RE: [PATCH] scripts/gdb: document lx_current is only supported by x86

From: Song Bao Hua (Barry Song)
Date: Tue Feb 23 2021 - 16:29:13 EST




> -----Original Message-----
> From: Song Bao Hua (Barry Song)
> Sent: Tuesday, February 23, 2021 9:30 PM
> To: 'Jan Kiszka' <jan.kiszka@xxxxxxxxxxx>; kieran.bingham@xxxxxxxxxxxxxxxx;
> corbet@xxxxxxx; linux-doc@xxxxxxxxxxxxxxx
> Cc: linux-kernel@xxxxxxxxxxxxxxx; linuxarm@xxxxxxxxxxxxx
> Subject: RE: [PATCH] scripts/gdb: document lx_current is only supported by x86
>
>
>
> > -----Original Message-----
> > From: Jan Kiszka [mailto:jan.kiszka@xxxxxxxxxxx]

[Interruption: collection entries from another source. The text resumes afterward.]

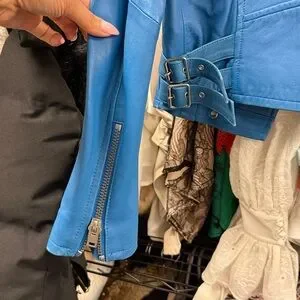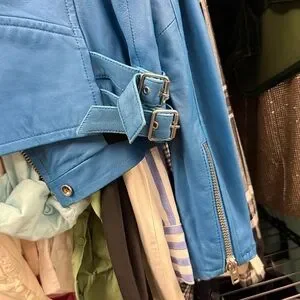Elevate your style with this chic blue leather biker jacket. Perfect for adding a bold touch to any outfit.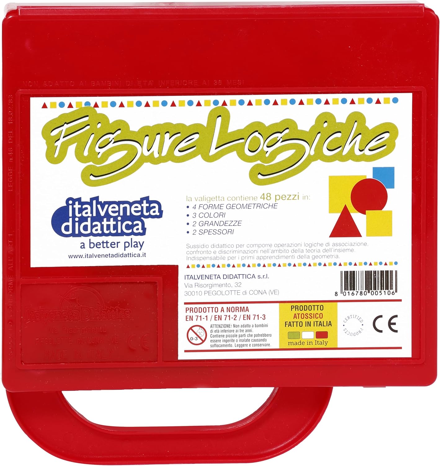 Home Matemática Caixa Blocos Lógicos Caixa Blocos Lógicos 16,70 € Desconto de %. Comprar Contactar Adicionar à wishlist Blocos lógicos em caixa em plástico, total 48 peças. Consulte o nosso Blog, para saber mais informações sobre este material em https://www.oursweetbox.pt/post/blocos-logicos-uma-ferramenta-versatil Características: 4 formas 3 cores: vermelho - amarelo - azul 2 espessuras 2 tamanhos Marca Italveneta Didattica Características Partilhar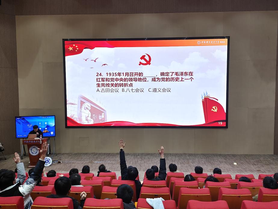 观影结束后,田洋同学组织大家进行知识问答活动,知识涉及党史、团史、和校史。同学们踊跃举手,积极参加,活动气氛高涨。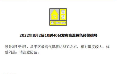 8月2日10时40分,昌平区气象台发布高温黄色预警信号。预计2日至4日,昌平区最高气温将达35℃左右,相对湿度较大,体感闷热,请注意防范。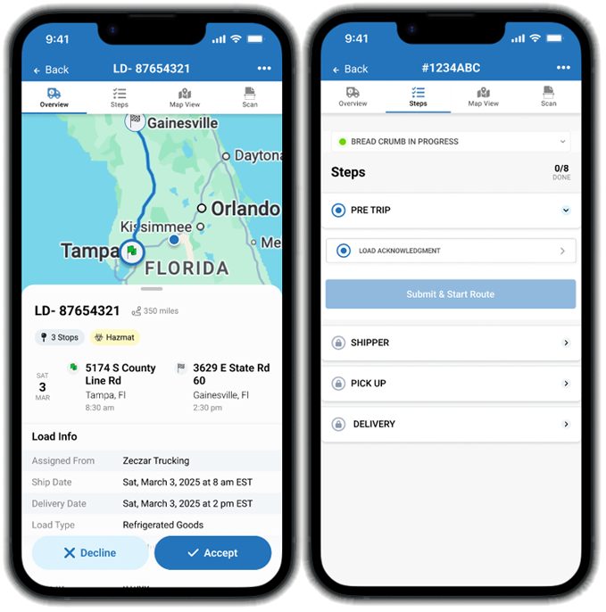 Example: In the following two example screens from the Transflo Loads Workflow SDK, a driver has reviewed a load offer on the Overview screen, tapped Accept, and then started to complete the required tasks on the Steps screen.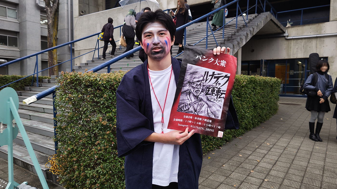体育館を出ようとしたら、「1階剣道場でパンク大衆「ルナティック運転」やってます!」と宣伝された。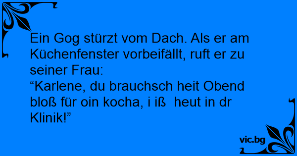 “Karlene, du brauchsch heit Obend bloß für oin kocha, i iß heut in dr Klinik!”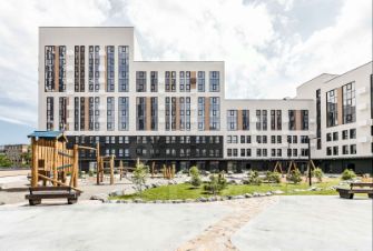 Комфортному пребыванию во дворе уделено также много внимания, как и проживанию в квартире. Детские и спортивные площадки, зоны отдыха располагаются как на стилобатной части между корпусами, так и на парковой территории рядом с комплексом. Проектом предусмотрено комплексное благоустройство и озеленение территории жилого комплекса.

> > Sent: Tuesday, February 23, 2021 8:27 PM
> > To: Song Bao Hua (Barry Song) <song.bao.hua@xxxxxxxxxxxxx>;
> > kieran.bingham@xxxxxxxxxxxxxxxx; corbet@xxxxxxx; linux-doc@xxxxxxxxxxxxxxx
> > Cc: linux-kernel@xxxxxxxxxxxxxxx; linuxarm@xxxxxxxxxxxxx
> > Subject: Re: [PATCH] scripts/gdb: document lx_current is only supported by
> x86
> >
> > On 22.02.21 22:18, Song Bao Hua (Barry Song) wrote:
> > >
> > >
> > >> -----Original Message-----
> > >> From: Kieran Bingham [mailto:kieran.bingham@xxxxxxxxxxxxxxxx]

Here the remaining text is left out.